映画でも、ジャズでも、まず作られた時の時代背景から始めます。
映画ならCasablanca(1942年作)という後世に残る名画をご存知ですね。第2次世界大戦中ナチス独逸占領下のフランス領モロッコで、酒場を経営するHumphrey Bogartを頼ってパリから逃れてきた昔の恋人Ingrid Bergmanと彼女の主人で反ナチス指導者であるPaul Henreidを匿ってアメリカへ亡命する手助けをするという物語ですが、1941年12月日本の真珠湾攻撃でアメリカも日本とドイツに対し宣戦布告していて、その時期にこの映画を見たとすればどんな気持ちで観客がこの映画を見たかと考えただけでもスリル満点ですね。
当時のフランスはドイツの占領下にあり、ドイツに協力するヴィシー政権がフランス本国は勿論、海外のフランス植民地も支配していたので、カサブランの警察官を演じるClaude Rainsはドイツに反感を持ちながらドイツ軍の命令に従わざるを得ない複雑な立場を良く演じているのが良く分かります。
また、Humphrey Bogartが経営する酒場でピアノを弾くDooley Wilsonの歌うAs Time Goes By(時の過ぎ行くままに)の曲は今でもアメリカや日本で演奏される曲です。
勿論これは後で加えられた話でしょうが、Paul Henreid演ずる反ナチス組織のリーダーはフランスの香水で有名なマダム・ミツコの息子からヒントを得て作られた物語という説があることも付け加えさせて頂きます。
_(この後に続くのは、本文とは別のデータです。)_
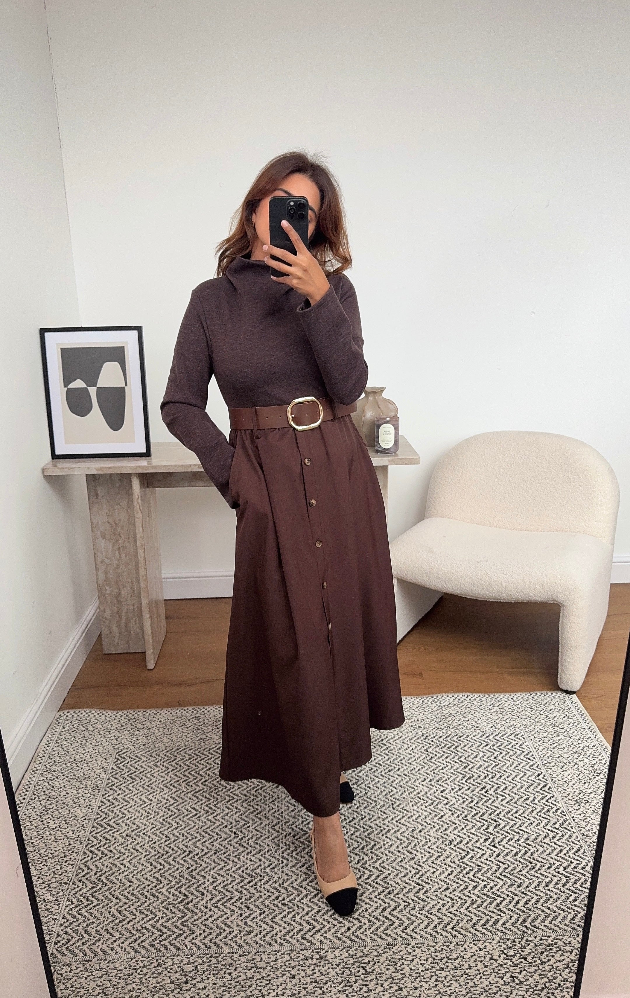 A classic featuring a high neck long sleeve dress with a belt for extra fitting.

(マダム・ミツコの息子は実在のフランスの反ナチス組織のリーダーで実際にアメリカに亡命したというのは有名な話です)
もう一つ1961年作のBreakfast At Tiffany's(ティファニーで朝食を)をご紹介したいと思います。
この映画はニューヨークを舞台にした物語で、田舎から飛び出してきたAndrey Hepburnが男たちに貢いでもらったお金で東マンハッタンのアパート暮らしをしている所に、Patric Nealの若いつばめの男性George Peppardと恋に落ちるというたわいない物語だが、マンハッタンの雰囲気が良く出ているストーリーに、Henry Mancini作の名曲Moon Riverが流れて1961年度の劇映画音楽賞と歌曲賞を受賞した作品である。当時はお高く留まっていて日本人客を入れなかった宝石店Tiffanyが菓子箱の中の景品に名前を彫ってくれるというエピソードもほのぼのとした物語です。生き馬の目を抜くという程厳しい世界のビジネス中心街マンハッタンにもこのような人情があるからこそニューヨーク子はマンハッタンを離れる事ができない訳がよく分かるような気がします。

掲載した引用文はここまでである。